---------- Material to process ----------

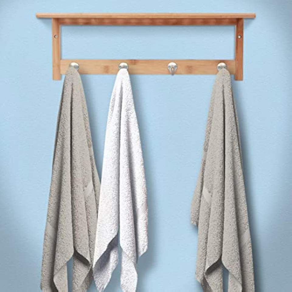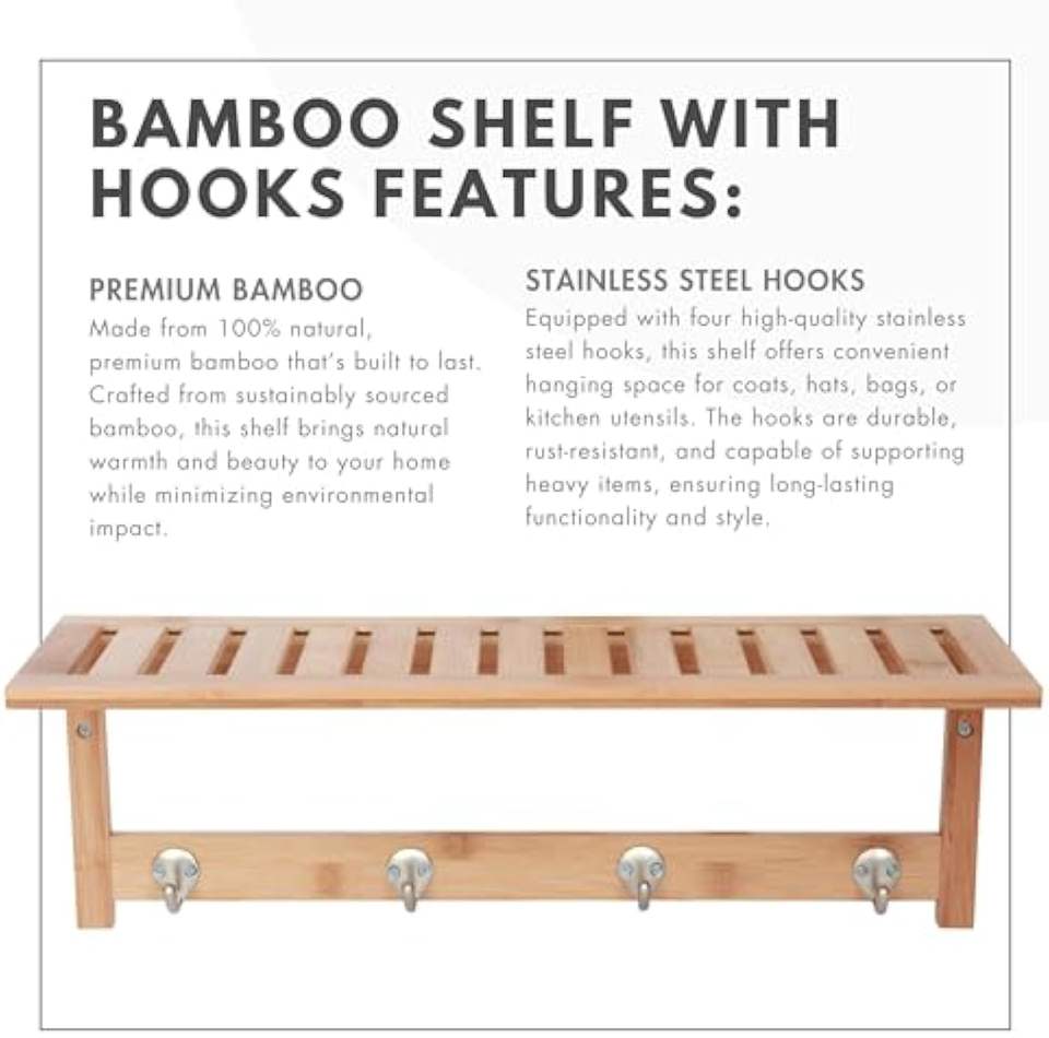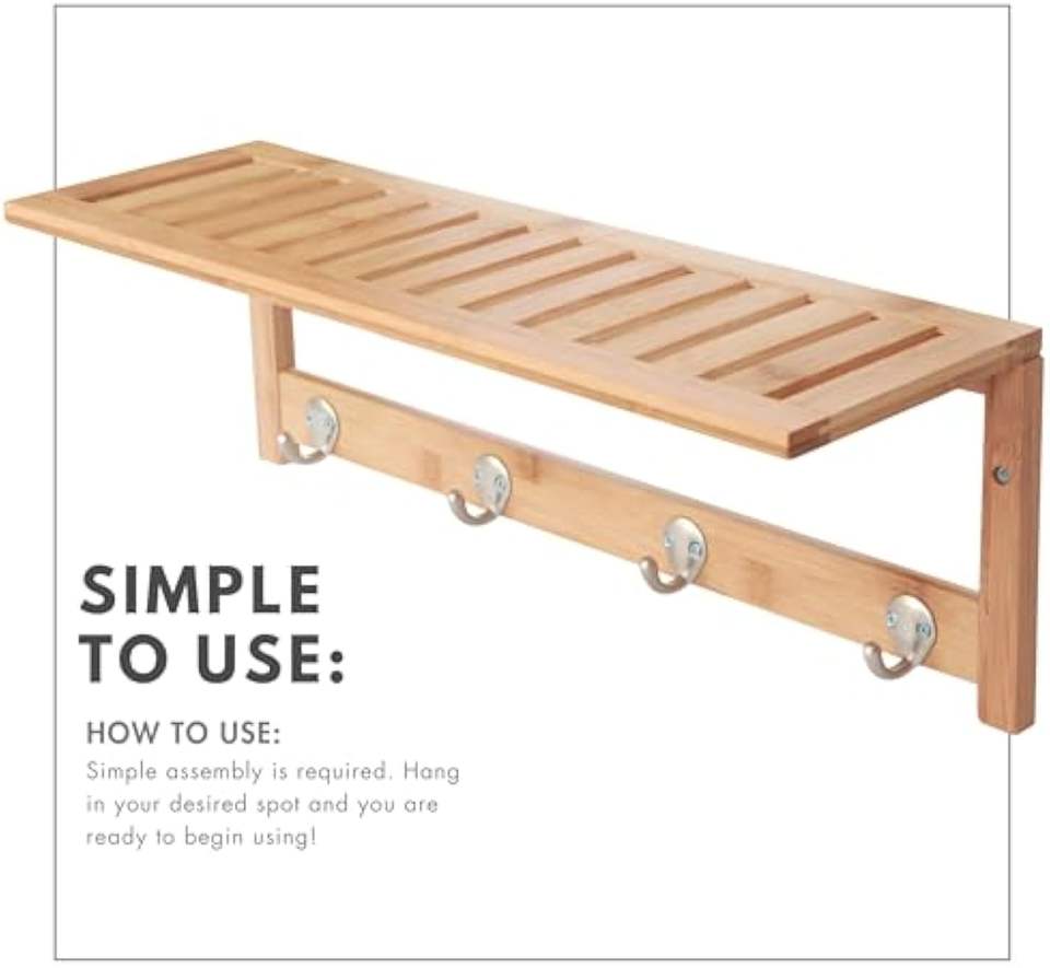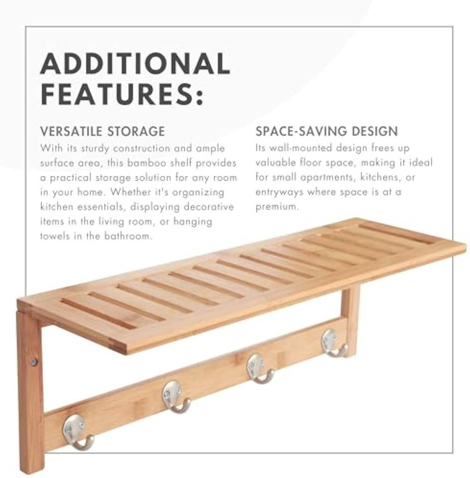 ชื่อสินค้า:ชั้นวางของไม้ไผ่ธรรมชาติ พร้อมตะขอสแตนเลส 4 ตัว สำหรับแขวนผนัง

----------
---------- Material to process ----------

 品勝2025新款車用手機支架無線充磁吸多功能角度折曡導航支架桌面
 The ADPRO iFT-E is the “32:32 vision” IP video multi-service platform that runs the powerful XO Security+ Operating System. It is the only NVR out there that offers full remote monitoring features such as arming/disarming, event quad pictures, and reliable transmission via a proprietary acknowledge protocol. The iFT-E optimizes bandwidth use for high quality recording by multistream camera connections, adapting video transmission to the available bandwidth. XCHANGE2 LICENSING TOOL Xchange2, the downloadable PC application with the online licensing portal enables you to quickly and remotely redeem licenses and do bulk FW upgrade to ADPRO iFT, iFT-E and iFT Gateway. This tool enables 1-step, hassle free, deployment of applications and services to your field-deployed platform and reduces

----------

= About this task =
The expected output is exactly the lines of the listing above between the line holding "品勝2025新款車用手機支架無線充磁吸多功能角度折曡導航支架桌面" and the line holding "The ADPRO iFT-E", inclusive.

= Output for this task =
 品勝2025新款車用手機支架無線充磁吸多功能角度折曡導航支架桌面
 The ADPRO iFT-E is the “32:32 vision” IP video multi-service platform that runs the powerful XO Security+ Operating System. It is the only NVR out there that offers full remote monitoring features such as arming/disarming, event quad pictures, and reliable transmission via a proprietary acknowledge protocol. The iFT-E optimizes bandwidth use for high quality recording by multistream camera connections, adapting video transmission to the available bandwidth. XCHANGE2 LICENSING TOOL Xchange2, the downloadable PC application with the online licensing portal enables you to quickly and remotely redeem licenses and do bulk FW upgrade to ADPRO iFT, iFT-E and iFT Gateway. This tool enables 1-step, hassle free, deployment of applications and services to your field-deployed platform and reduces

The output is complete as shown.